Of Cartoons & Comics Part two of our Denys Cowan interview: his animated life and return to comics by Michael Aushenker CBC Associate Editor Inset right: Photo of Denys Cowan at the Dec. 2013 opening of the Geppi’s Entertainment Museum exhibit “Milestones: African-Americans in Comics, Pop Culture, and Beyond,” courtesy of Andy Hershberger, associate curator/registrar of the museum. The artist suffered a brief but significant scare in early December when a package of original art he had sent to the museum was missing items. The art was subsequently returned. Below: Roughs and tight pencils of Cowan’s art in Vertigo’s Django Unchained #3 [June 2013], both courtesy of the artist. Inset is his cover for #3, inks by John Floyd.
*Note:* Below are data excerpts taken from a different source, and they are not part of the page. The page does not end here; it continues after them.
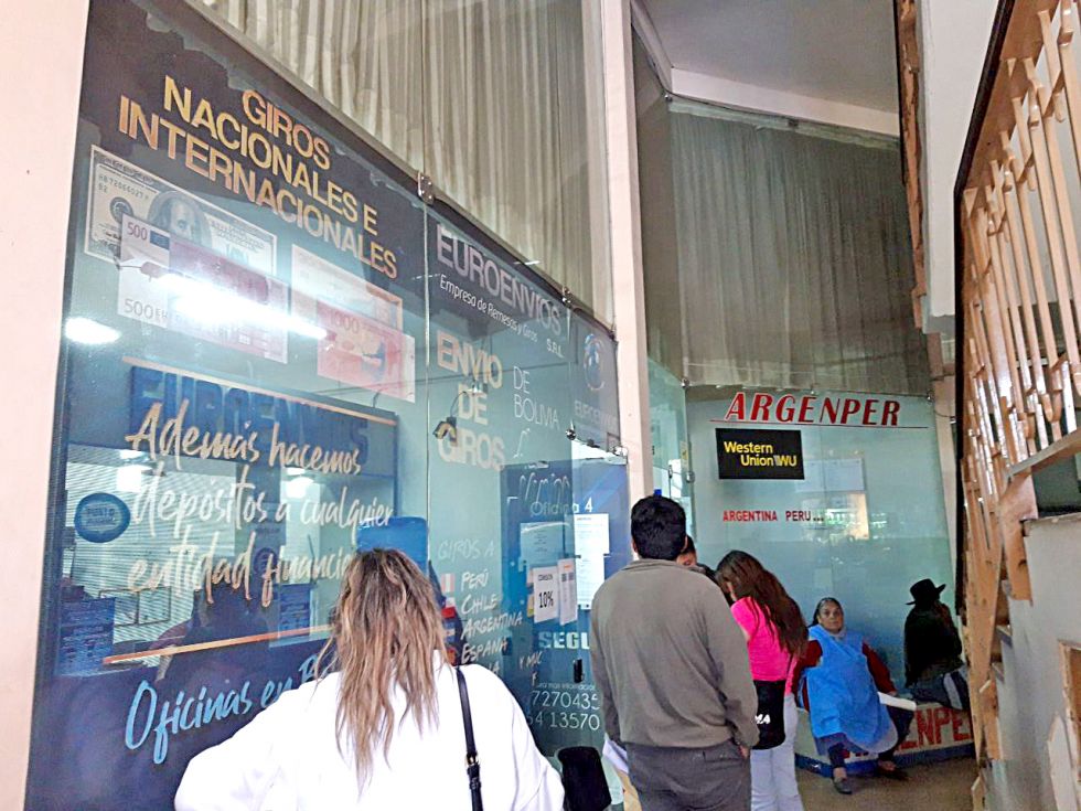 “Como hay escasez de dólares estamos pagando solo en bolivianos, el mismo sistema del exterior se lo convierte al tipo de cambio en bolivianos”, dijo a CORREO DEL SUR el encargado de una de las empresas de transferencias de dinero desde el exterior.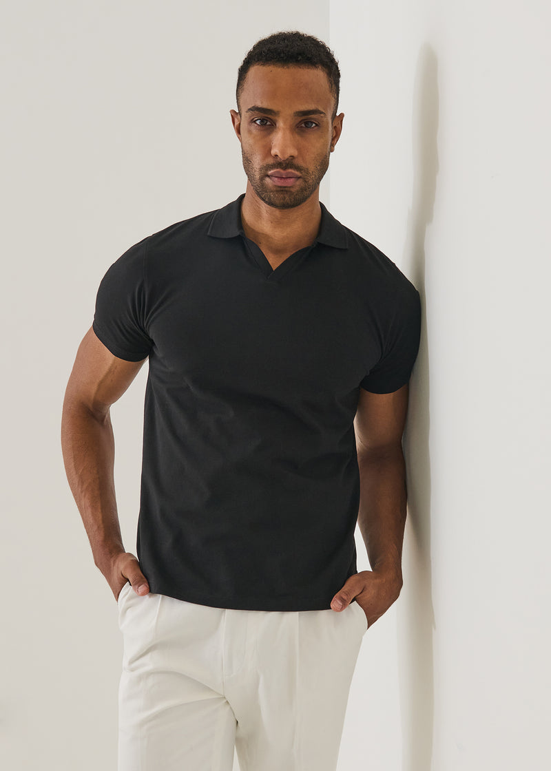 Experience understated elegance with this premium Pima cotton polo. Crafted from 95% luxurious Peruvian Pima cotton blended with 5% spandex, it delivers exceptional softness and subtle stretch for all-day comfort. The refined open collar design pairs effortlessly with both casual and polished looks, while the slim fit creates a modern silhouette. True-to-size and made in Peru, this is a versatile investment piece for those who value quality craftsmanship and timeless style.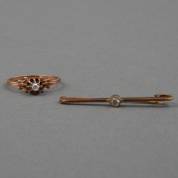 14kt roségouden solitairring gezet met roosdiamant in chatonzetting, mt 17,75, en 14kt gouden speld met diamantje, brutogewicht 3,2 gram -speld sluit niet goed-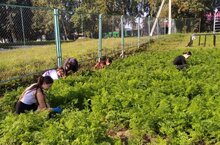 Последние дни августа ученики школы проводят на пришкольном учебно-опытном участке. Ребята поливают цветники, проводят прополку моркови и свеклы.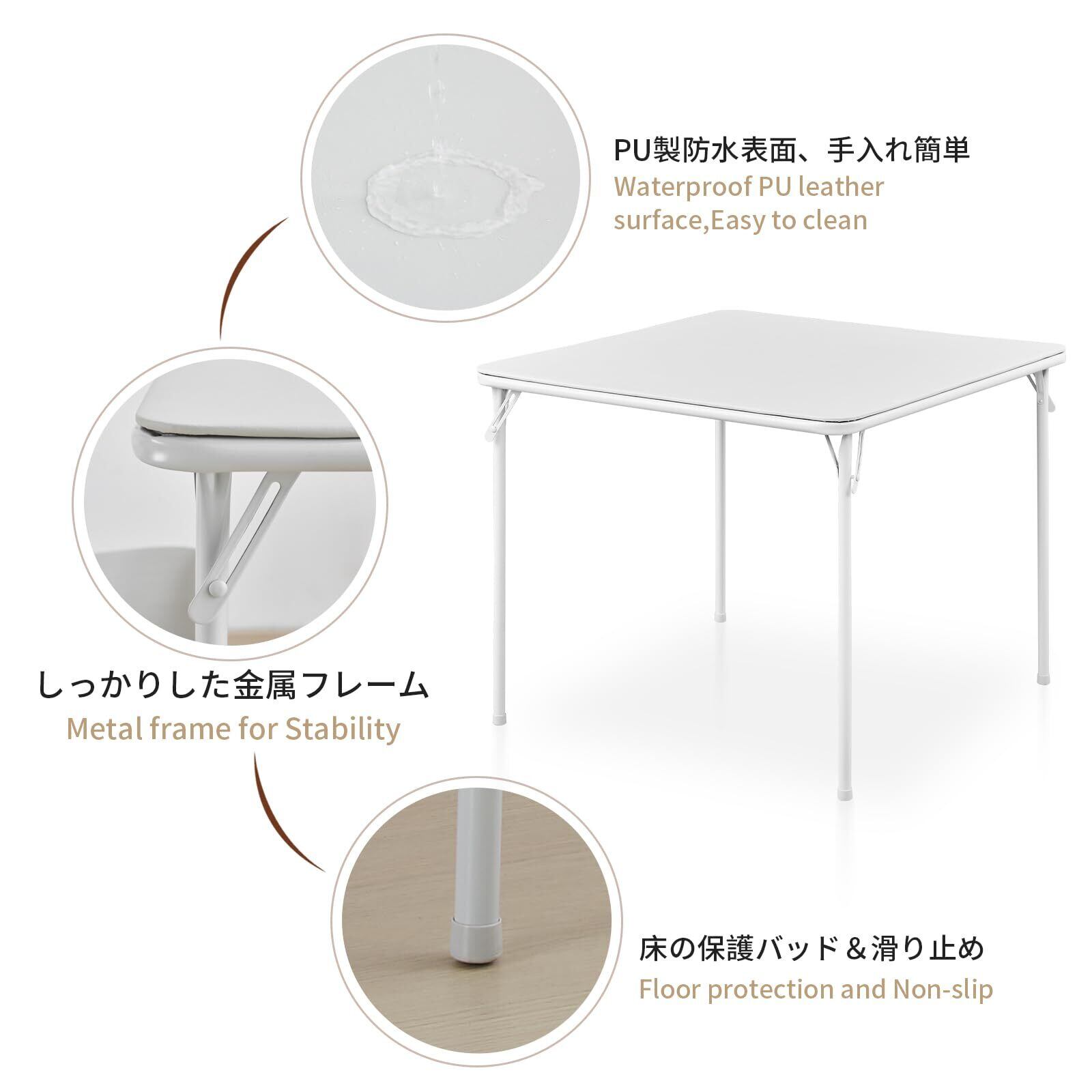 BOOSDEN 折りたたみテーブル 正方形 食卓 麻雀卓 ダイニングテーブル 四人用 テーブル 作業台 パズル 机 パソコンデスク 省スペース アウトドア 室外 リビング ゲーム 組立不要 多機能 シンプル オフホワイト 85cm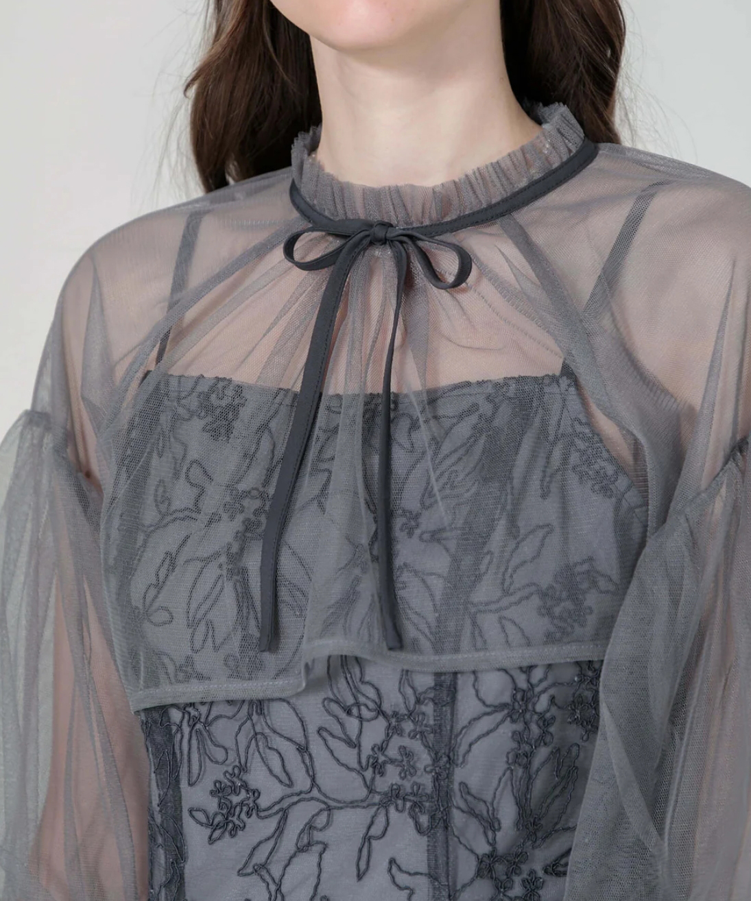 ボレロはシアーレースの透け感と首元のリボンで、華やかで愛らしい雰囲気を演出。

[If you’re anything like this writer, a fan of Denys Cowan’s work since the artist’s early days penciling a glorified Road To… comedy starring Luke Cage and Daniel Rand and scripted with mirth by Mary Jo Duffy, and you’ve always wondered how Cowan detoured into animation, where he became a big-wig on the hit Emmy-lauded animated series Static Shock and The Boondocks…well, wonder no more, kindred spirit. Here’s where the details of Cowan’s second career in animation come into sharp relief. In part one of our interview, Cowan discussed his rise as one of a handful of few African-American artists working for the majors in the early 1980s — from his teen apprenticeship with Deathlok the Demolisher creator Rich Buckler to the young man’s breakthrough Power Man and Iron-Fist by his early 20s. Cowan also discussed his long runs on such series as DC’s The Question and the ’90s Deathlok revival at Marvel, as well as his formation with partners Michael Davis, Derek T. Dingle, and the late Dwayne McDuffie of Milestone Media, a subset universe of characters of color within the DC universe with the intent to level the racial playing field in super-hero comics. Here, picking up the thread where we left off in the early 1990s, Cowan is on the verge of relocating to California to pursue animation full-throttle, doing freelance work for a Wu-Tang Clan member’s solo project. — M.A.] ©2014 the respective copyright holder. Django Unchained TM & © 2014 Visiona Romantica, Inc.. TM & © DC Comics.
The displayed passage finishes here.